Integrated Performance Management (IPM) is an innovative system that provides both a strategy and a process for leveraging human capability. It stimulates productivity, quality assurance and world-class service with the ultimate goal being competitive advantage. IPM is implemented through the following three steps:





Workforce Planning Systems

The primary reason for doing workforce planning is economics. If done well, workforce planning will increase productivity, cut labor costs, and dramatically cut time-to-market because you’ll have the right number of people, with the right skills, in the right places, at the right time.

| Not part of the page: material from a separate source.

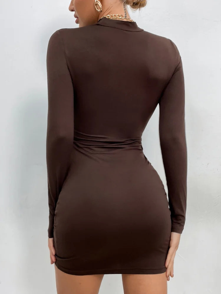 無地ドローストリング折りたたみウエスト絞りスリムボディコンワンピース レディース 長袖スキニーイブニングミニドレス クラブパーティーベスティドス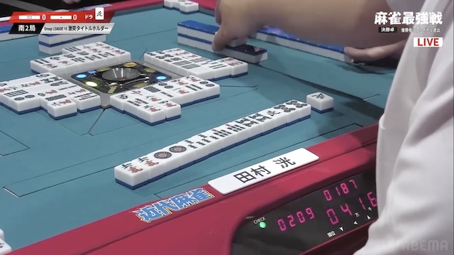 田村もテンパイ。こちらも単騎待ちだ。どちらかが待ちを変えれば相手に放銃となる。

A comprehensive Workforce Plan will address the following business needs:

Forecasting and assessment: Estimates of the internal & external supply and demand; labor costs; company growth rates; and company revenue.
Succession planning: Designating the progression plan for key positions.
Leadership development: Designating high-potential employees; coaching; mentoring; rotating people into different projects.
Recruiting: Estimating needs for head count, positions, location, timing, and more.
Retention: Forecasting turnover rates; identifying who is at risk and how to keep them.
Redeployment: Deciding who is eligible for redeployment, and from where to where.
Contingent workforce: Designating the percentage of employees who will be contingent, and in what positions.
Potential retirements: Figuring out who's eligible, when eligible, replacement, alternative work arrangements available that could prevent a retirement problem.
Performance management: Instituting "forced ranking" or identifying who should be "managed out."
Career path: Career counseling for employees to help them move up.
Backfills: Designating key-position backups.
Internal placement: Developing job-posting systems for internal employees to get a leg up on new openings.
Environmental forecast: Forecasts of industry and environmental trends, as well as a competitor assessment.
Identifying job competencies: Doing a skills and competencies inventory.
Metrics: Identifying metrics to determine the effectiveness of workforce planning.
Set corporate goals focused on the company’s vision, mission and core values.
Keeping the vision and core values in mind, cascade the goals into operating objectives and individual performance targets that include key performance metrics.
Monitor and measure manager and employee performance through qualitative and quantitative metrics.
Human Capital Reporting Systems

Many companies now develop annual Human Capital Reports. The report formats vary greatly but usually there are sections focused on employee engagement, retirement trends, attrition trends, growth trends, skill gaps, risk factors, employee costs, business changes, key performance indicators, human capital goals, and profit per employee.